§ Goal of the exercise
Below is a listing; print exactly its lines from the one containing "๐ฅ 2025 Bowman" down to the one containing "Hykes Gym Gloves", both inclusive, with every picture left out.

§ Supplied information
:::
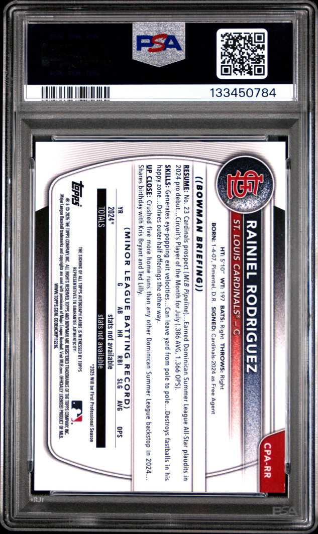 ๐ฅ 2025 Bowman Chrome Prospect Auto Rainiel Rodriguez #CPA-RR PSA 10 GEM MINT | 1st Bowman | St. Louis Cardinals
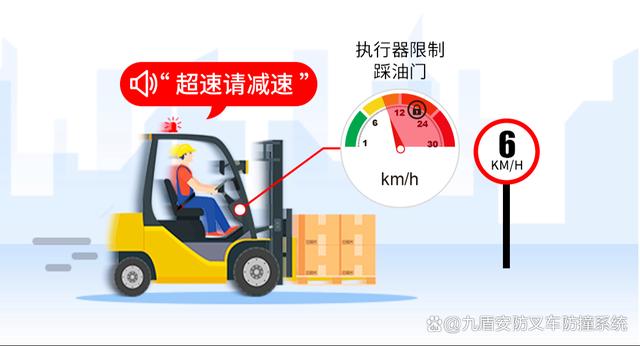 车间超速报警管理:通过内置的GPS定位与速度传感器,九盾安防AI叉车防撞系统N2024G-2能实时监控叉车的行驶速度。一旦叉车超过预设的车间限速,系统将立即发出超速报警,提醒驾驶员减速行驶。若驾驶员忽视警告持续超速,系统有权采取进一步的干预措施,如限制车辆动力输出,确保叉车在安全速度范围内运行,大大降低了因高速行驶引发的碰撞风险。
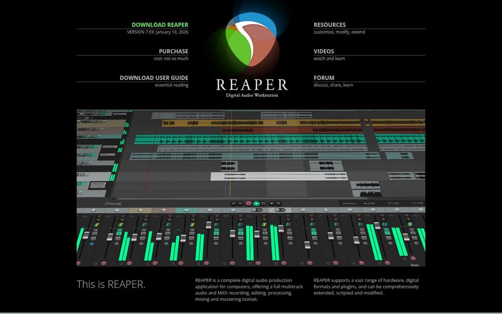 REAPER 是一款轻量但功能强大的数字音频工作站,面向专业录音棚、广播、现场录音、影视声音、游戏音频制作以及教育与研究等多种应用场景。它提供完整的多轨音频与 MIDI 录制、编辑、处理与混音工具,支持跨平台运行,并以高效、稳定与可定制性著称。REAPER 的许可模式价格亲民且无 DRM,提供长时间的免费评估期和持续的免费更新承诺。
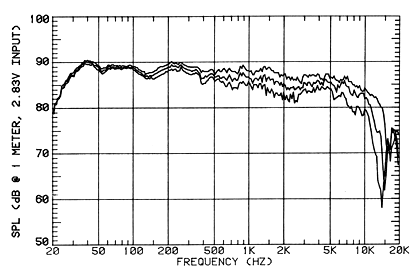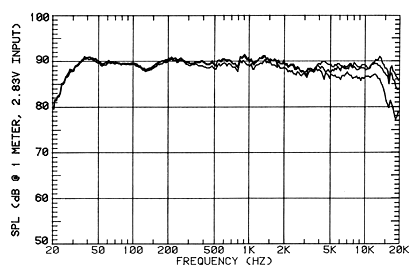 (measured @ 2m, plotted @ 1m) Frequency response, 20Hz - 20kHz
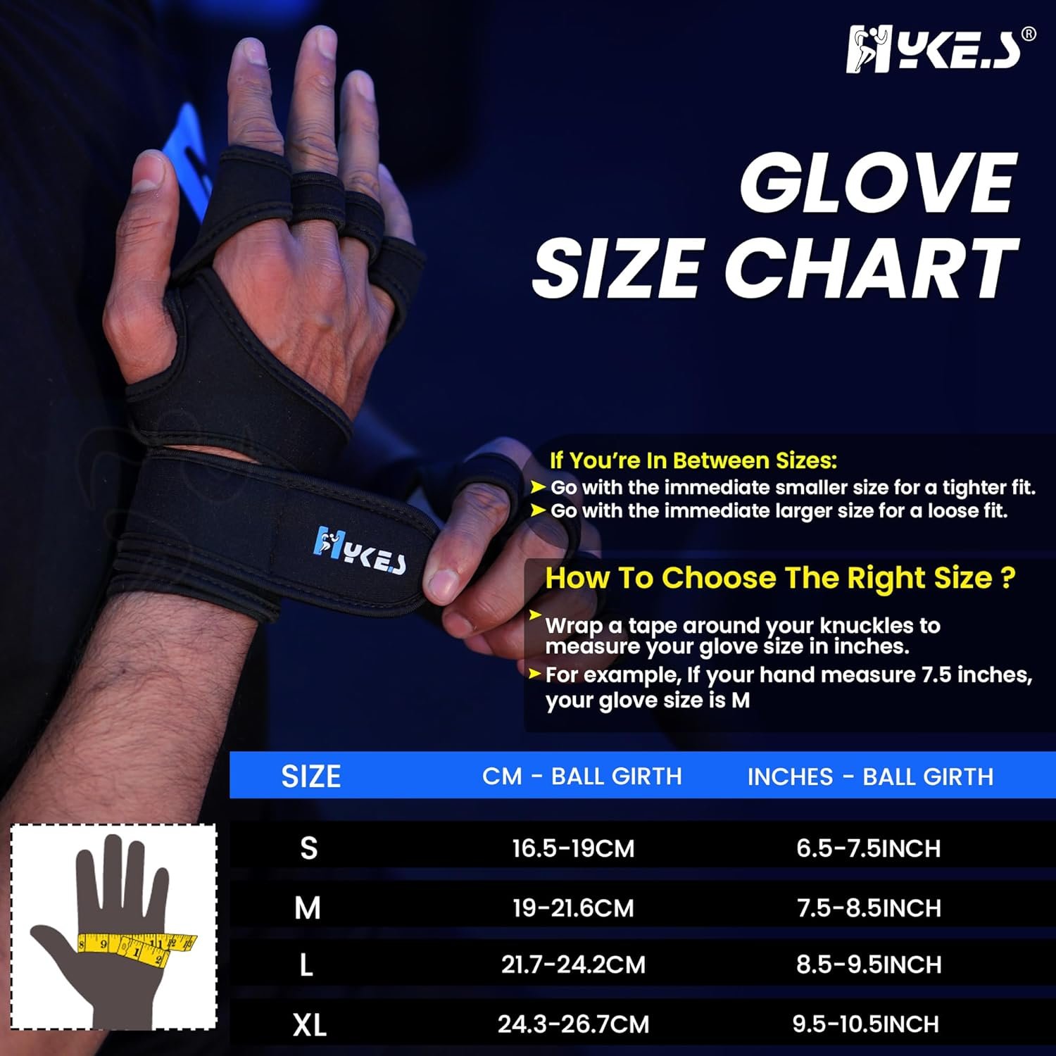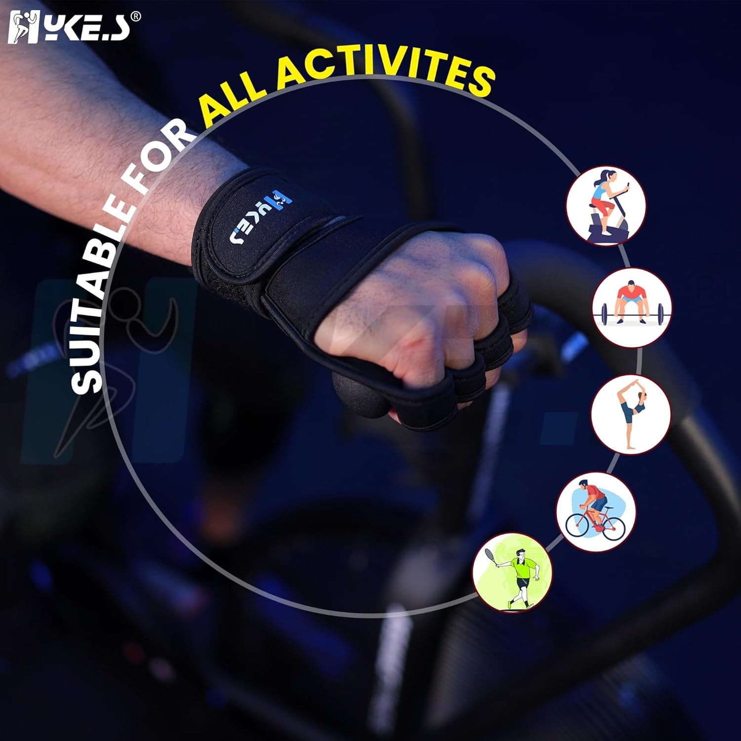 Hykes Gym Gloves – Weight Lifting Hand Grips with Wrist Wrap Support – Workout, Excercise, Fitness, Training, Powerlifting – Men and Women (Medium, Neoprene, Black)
:::
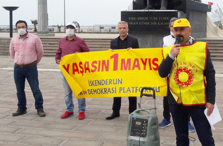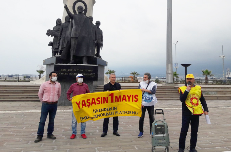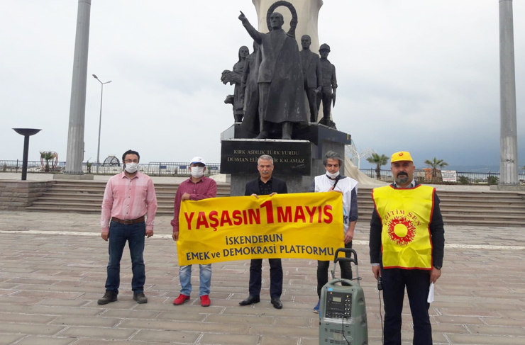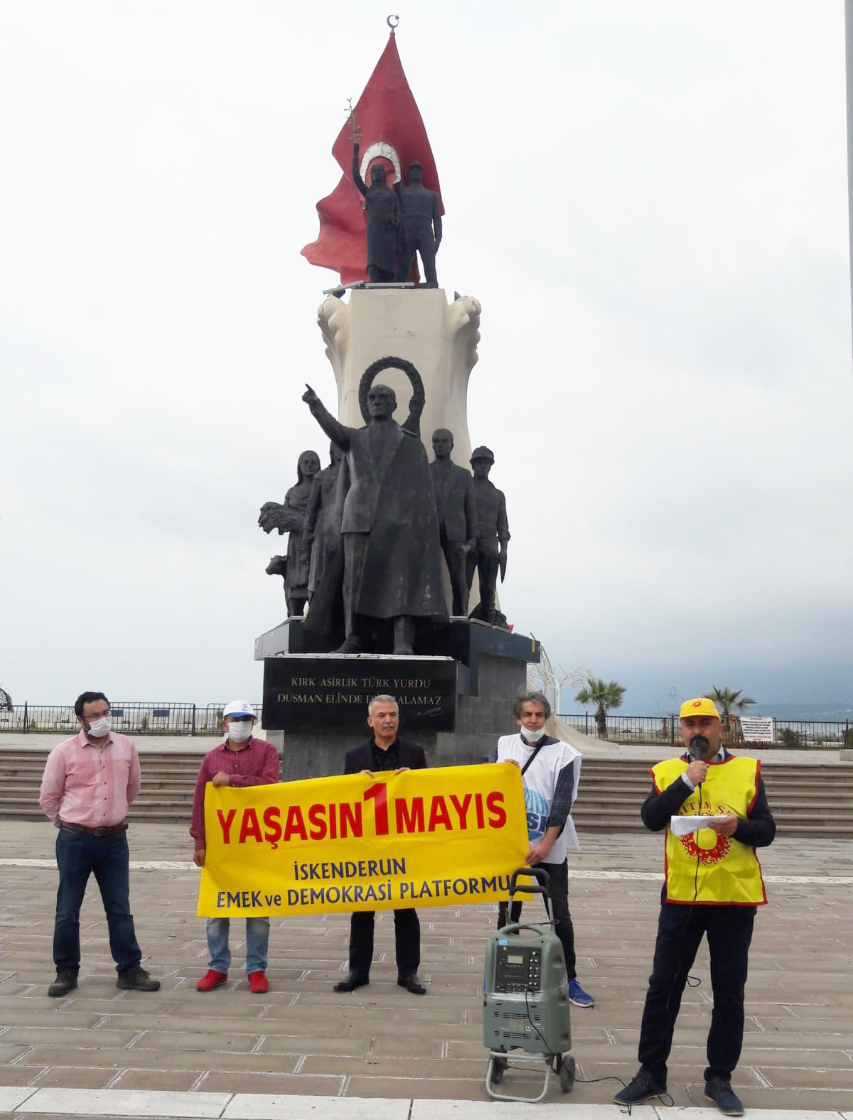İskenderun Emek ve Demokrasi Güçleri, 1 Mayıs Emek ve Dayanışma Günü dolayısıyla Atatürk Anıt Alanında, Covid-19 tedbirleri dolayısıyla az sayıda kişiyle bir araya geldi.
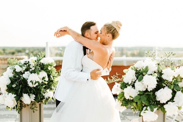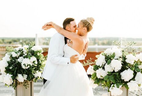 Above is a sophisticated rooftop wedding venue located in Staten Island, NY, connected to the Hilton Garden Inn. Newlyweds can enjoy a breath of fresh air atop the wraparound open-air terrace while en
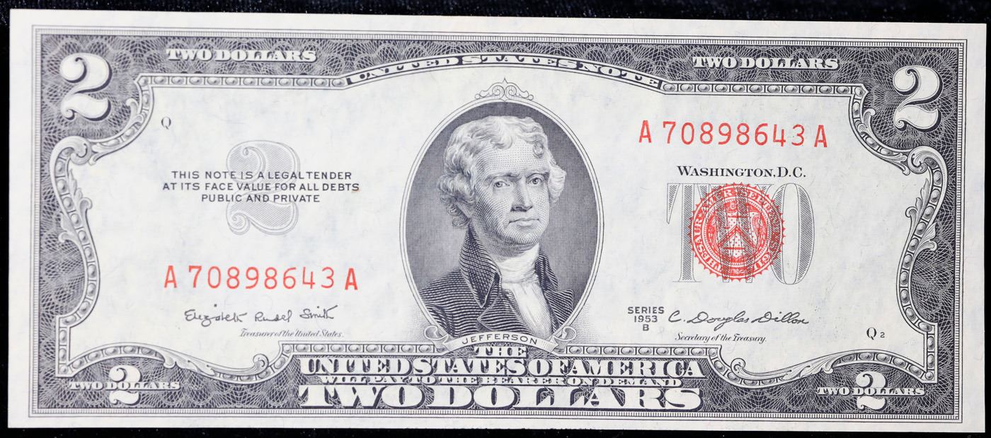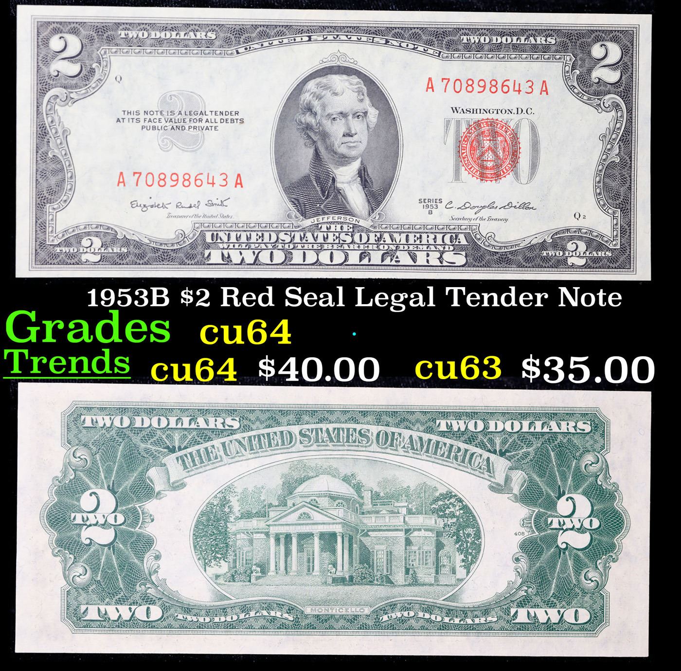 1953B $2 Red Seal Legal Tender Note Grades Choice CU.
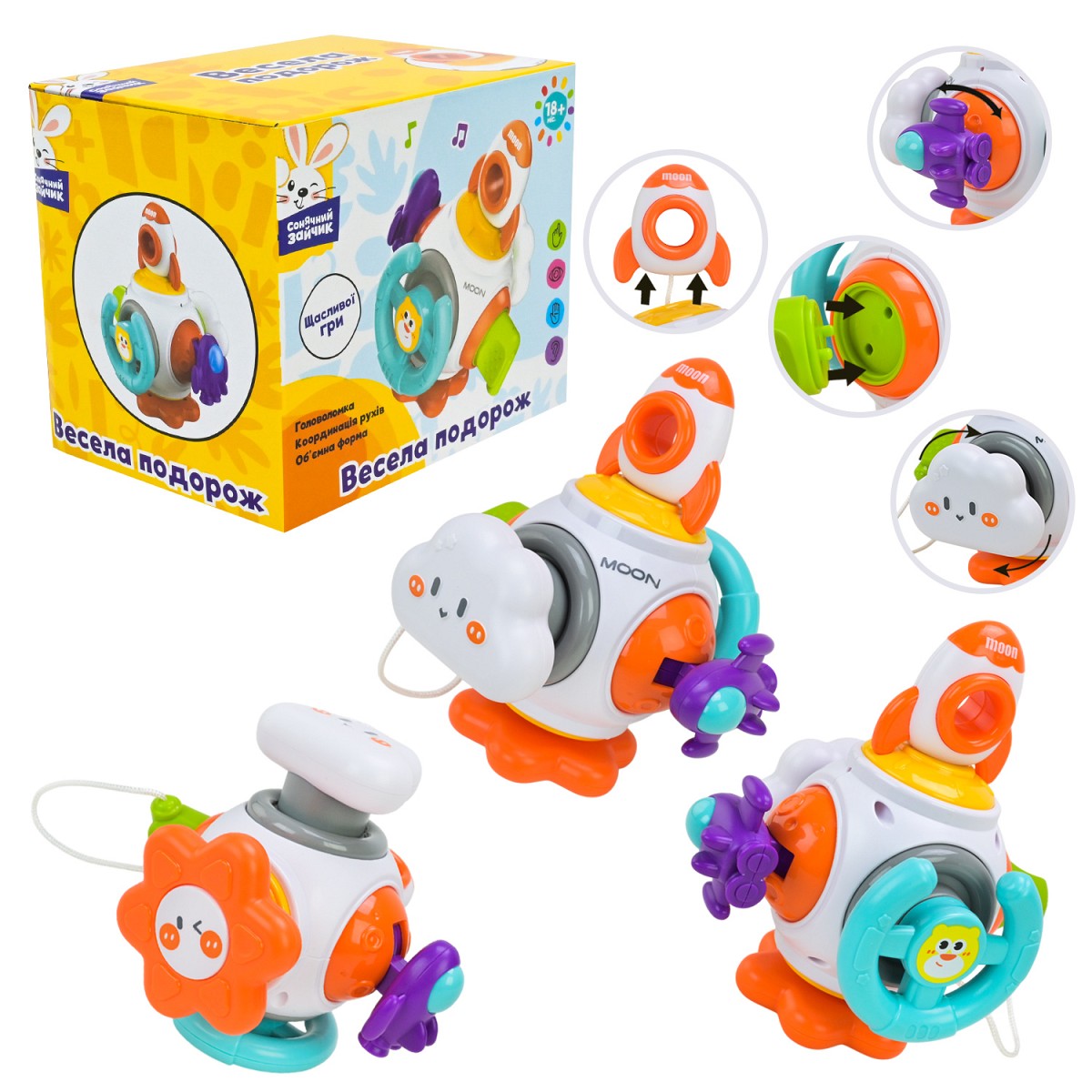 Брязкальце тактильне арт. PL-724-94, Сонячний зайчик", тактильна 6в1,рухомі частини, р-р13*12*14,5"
:::
§ Response to this task
 ๐ฅ 2025 Bowman Chrome Prospect Auto Rainiel Rodriguez #CPA-RR PSA 10 GEM MINT | 1st Bowman | St. Louis Cardinals
 车间超速报警管理:通过内置的GPS定位与速度传感器,九盾安防AI叉车防撞系统N2024G-2能实时监控叉车的行驶速度。一旦叉车超过预设的车间限速,系统将立即发出超速报警,提醒驾驶员减速行驶。若驾驶员忽视警告持续超速,系统有权采取进一步的干预措施,如限制车辆动力输出,确保叉车在安全速度范围内运行,大大降低了因高速行驶引发的碰撞风险。
 REAPER 是一款轻量但功能强大的数字音频工作站,面向专业录音棚、广播、现场录音、影视声音、游戏音频制作以及教育与研究等多种应用场景。它提供完整的多轨音频与 MIDI 录制、编辑、处理与混音工具,支持跨平台运行,并以高效、稳定与可定制性著称。REAPER 的许可模式价格亲民且无 DRM,提供长时间的免费评估期和持续的免费更新承诺。
 (measured @ 2m, plotted @ 1m) Frequency response, 20Hz - 20kHz
 Hykes Gym Gloves – Weight Lifting Hand Grips with Wrist Wrap Support – Workout, Excercise, Fitness, Training, Powerlifting – Men and Women (Medium, Neoprene, Black)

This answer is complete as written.